Flash forward to last week, where this player put up a stat line of 167 points, 14 three-pointers, 33 rebounds, and only six total turnovers. Did I mention he shot 60.9 percent from the field and 86.4 percent from the free throw stripe?
Last week was also our fantasy league’s championship round. In case you were wondering, my brother took home first place.
This player in question is Carmelo Anthony of the New York Knicks. The stomach-churning tear he went on last week actually crested with him surpassing Oklahoma City’s Kevin Durant by a hair’s breadth for the scoring title lead after their duel on Sunday.
The smart money now has Anthony taking home his first career scoring title over Durant (who has won the title the past three years). My hypothesis on why: Carmelo Anthony cannot see hands.
I don’t know how else to explain what I saw from the T.V. in the Daily Trojan Sports Department office last Tuesday. I was sitting on a couch pretending to be engaged in conversation, but really watching Miami’s defensive specialist Shane Battier close out on Anthony over and over again.
Battier put a hand in Anthony’s face: 18-footer swish. Then Battier contested a 26-footer, fingertips inches from Melo’s forehead. Nothing but net.
There’s a hand in Anthony’s face, but you get the feeling he doesn’t see it.
I think maybe four of Anthony’s shots hit the rim that night against Miami. The other 14 shots he made that night didn’t. It’s been a similar story ever since. Anthony is on fire in the month of April, averaging 41.7 points a game on 60.9 percent shooting, including an unconscionable 56 percent from beyond the arc.
Which isn’t to say Durant is completely out of the running. Durant is an efficient, consistent scoring machine. All it would take would be a couple subpar starts from Anthony to put Durant right back in the driver’s seat for the scoring title.
However, for Durant, winning a scoring title never seemed like a matter of life and death. For Anthony, who has been characterized as a heartless gunner (and lives up to his billing by launching 22 shots a game), it almost feels like a potential career-defining moment.

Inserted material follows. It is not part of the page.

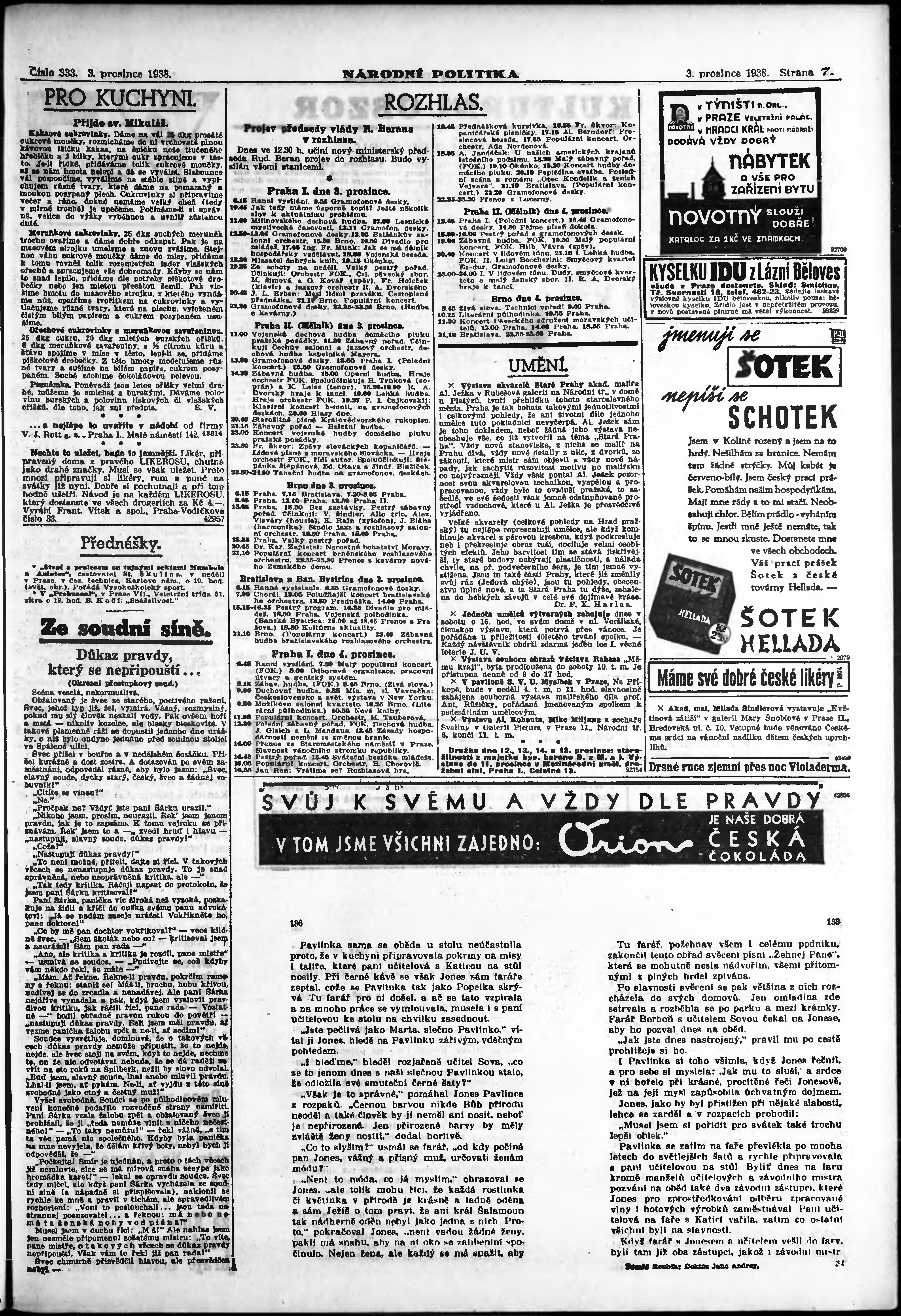 * Datum vydání výtisku: 3.12.1938 Číslo výtisku: 333 Poznámky k výtisku: ranní vydání; vydání pro Prahu;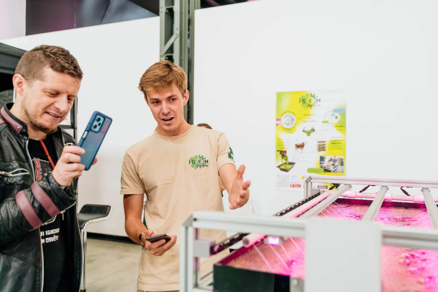 Tým iGEM Brno předvedl, jak může vypadat budoucnost výroby proteinu prostřednictvím nejrychleji rostoucí rostliny světa – duckweed, kterou si návštěvníci mohli prohlédnout pod mikroskopem v jejich autonomním vertikálním systému.

A scoring title means much more for Anthony than it does for Durant, even if the former would never testify to the fact publicly. It would firmly re-establish him at or near the top of the NBA landscape after his less-than-illustrious 2011-2012 campaign. It would acknowledge the work he put in during the offseason to come back in better shape. It could even give him the perspective required of a leader at the helm of a playoff charge, and in doing so, possibly give the Miami Heat a tough series in the Eastern Conference Finals.
If the Heat aren’t careful, this could be the summer where Anthony finally “arrives” and rides the ensuing momentum to push the Knicks, winners of 12 straight, to the precipice of the NBA Finals.
It’s all speculation, though. As for what becomes of the Knicks’ current hot streak and their up-and-down season is anybody’s guess. Either way, don’t ask Anthony to predict the future. For now, all he can do is score.